Built for macOS (Apple Silicon optimized with Metal GPU acceleration) and Windows (CUDA support).
Load audio files, detect silence, transcribe speech, and identify speakers — all from a clean, intuitive interface with waveform visualization.
Interactive waveform viewer with color-coded speech/silence/breath segments. After running speaker diarization, each segment is labeled with the identified speaker (Speaker A, B, C...) in distinct colors.
Transcribed segments are displayed with speaker identification, timecodes, and the transcribed text. Filter by All, Speech, Silence, or Translation tabs.
Choose how text is displayed: Natural sentences, Word by word, By punctuation, or Max words per line — flexible formatting for different use cases.
Translate transcriptions into 30+ languages.
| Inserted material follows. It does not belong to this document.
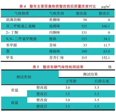 对整改车辆进行“全谱分析+主观气味性评价”,并对复测结果进行分析,整车排名前7位的恶臭物质改善明显,整改车辆常温及高温的气味性评价结果由3.0级提升到3.5级,可满足其企标Q/JQ13128—2019要求,如表4和表5所示。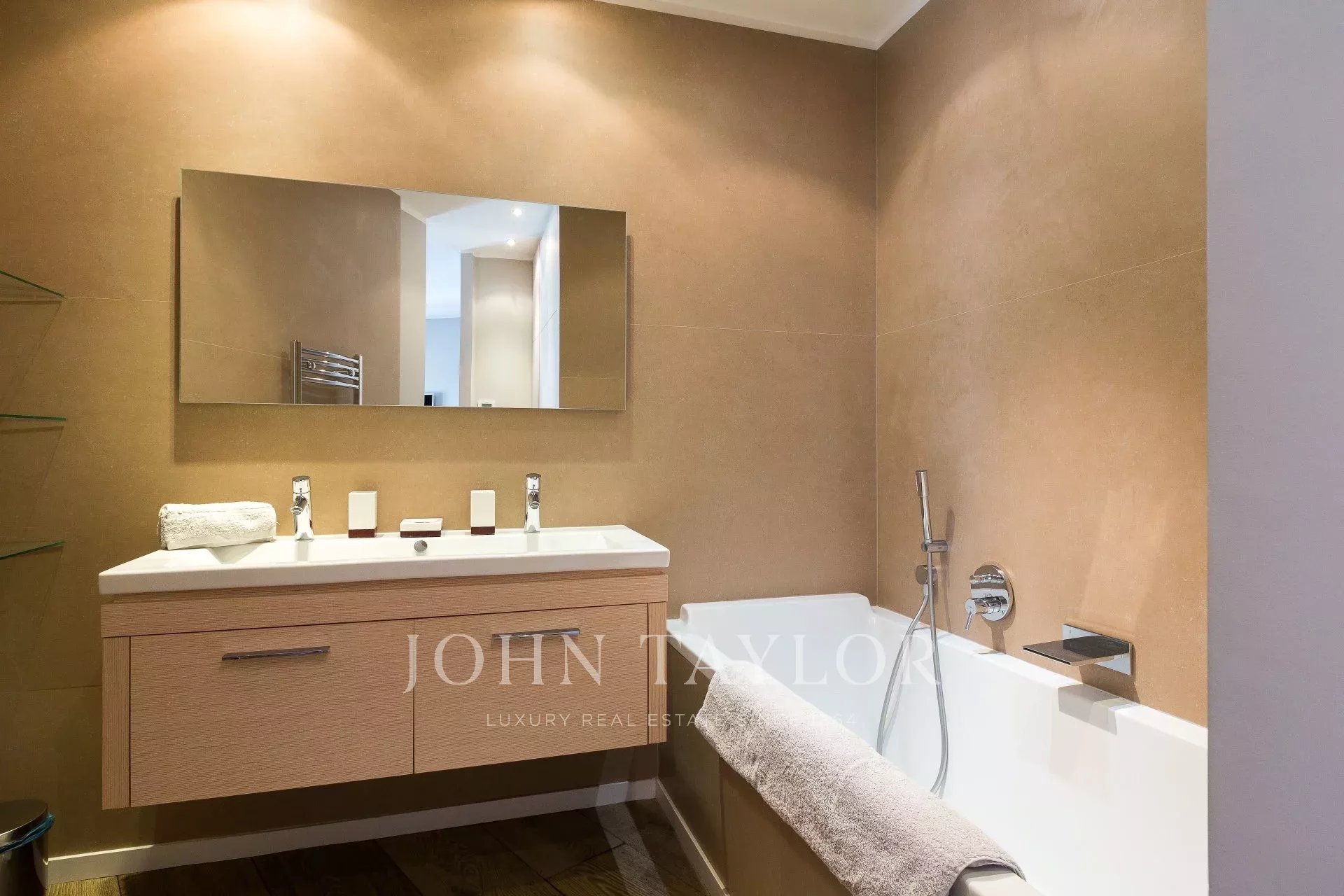 By the elevator, access to the top level and the terrace of 160 sq.m enjoying panoramic view over the Bay of Cannes and the Suquet :

Click "+" to add a target language from the language picker with support for Vietnamese, Chinese, Japanese, Korean, Thai, and many more.
View translations in a continuous text format. Add multiple target languages (e.g., Vietnamese + Japanese) with tabs to switch between them.
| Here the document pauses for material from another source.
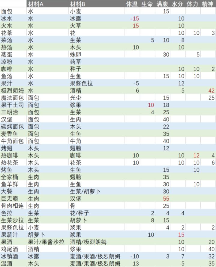 输数据输得头大。表中仅列出了我所知道的食物,并且不包括直接能够获得以及酿酒台酿出的食物。但还是好多啊啊啊啊等我什么时候有空了再把剩下的弄好

Record from your microphone and get real-time transcription with sentence-level splitting. Choose the Turbo model for fast Vietnamese transcription, or any other model for your language.
- Audio/Video file support — Load any audio or video file for analysis
- Silence & breath detection — Detect silent and breath segments using FFmpeg-based VAD
- AI Transcription — Speech-to-text using Whisper (MLX on Apple Silicon, faster-whisper on CUDA/CPU)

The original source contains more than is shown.